Kathleen Tagg, the fourth act of the festival, is a New York-based South Africa-born pianist. As with Speirs, who many years ago was her first paying student, Tagg has a classical background. If there is one single thing that defines her sound, it is the vast scope of her collaborations with leading musicians.
Her love of collaboration was evident on stage, not just because she said as much, but she called Elinor Speirs up for a duet, and a bit later, Shane Cooper – not to play his double bass but to play with an electronic gizmo to create strange soundscapes. Tagg’s musical explorations include using a cut-up cello bow that she wraps around the piano strings and draws back and forth. In short, she draws out sounds piano makers never designed the instrument to make.
Feya Faku’s set was, not surprisingly, dedicated to Andre Petersen. Back on stage after a two-year absence, Feya Faku’s 4tet – with Bokani Dyer on piano, Shane Cooper on bass and Ayanda Sikade on drums – set new standards of excellence and energy.

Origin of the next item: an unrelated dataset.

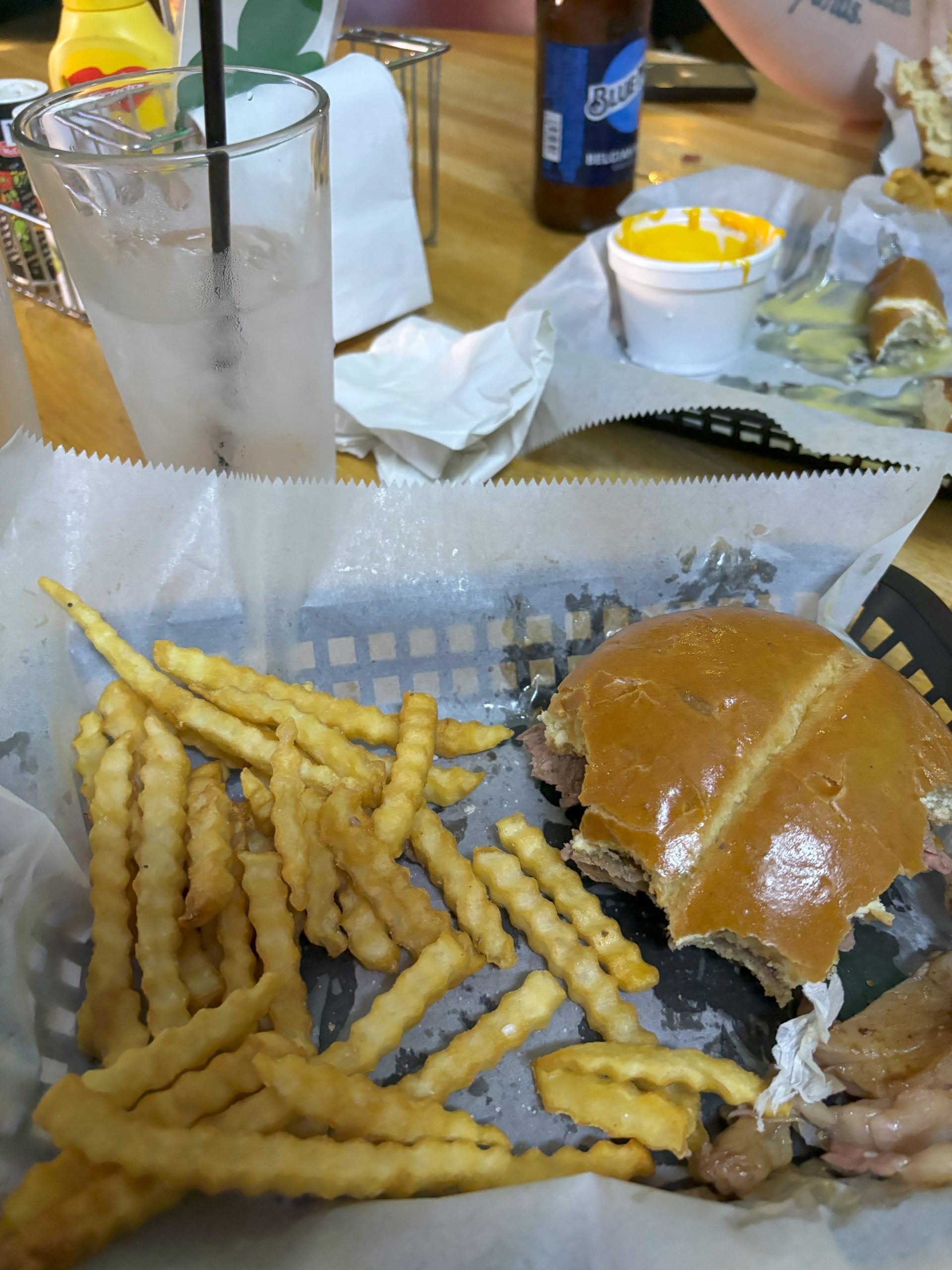 The last stretch from Chicago to Sandwich took us off the interstate and across miles of cornfields until we arrived at our final Sandwich of the Sandwich Quest. Sandwich, IL is perhaps slightly more substantial than NH, but it’s basically a one-street farming town in rural Illinois. After we unloaded the bike and locked up the bed of the truck, we wandered around a little antique store (with some surprisingly good jewelry) and had our mandatory sandwiches at one of the local bars. There was a Sandwich Opera House, but it had a single show listed for 2024 (a comedian in August). The streets were basically dead for being a warm, summer night and it was kind of an unceremonious end to our quest (at least until we hit the islands).

In the mid 2000s, Faku asked Andre Petersen to join his band. With Buddy Wells on sax, Kesivan Naidoo on drums and Chantal Willie on bass, this was, in Feya’s words, “one of the greatest quintets I’ve ever had”. It isn’t possible to compare a quintet with a quartet, but based on what was presented on Saturday night, this 4tet will live in the memory of the audience for a long time. They yelled and applauded long and loudly enough to get the tired musicians back onstage for an encore. Even the heavens applauded, by holding off with the threatened rain until we were back in our cars.
Grateful thanks to the Festival organiser and co-producer Aymeric Péguillan of Pegs Music Project – in association with Penny Lane Studios, Spier Wine Farm, Ian Burgess-Simpson Pianos and Fazioli – for the effort and organisation that goes into bringing this calibre of musicians to the stage.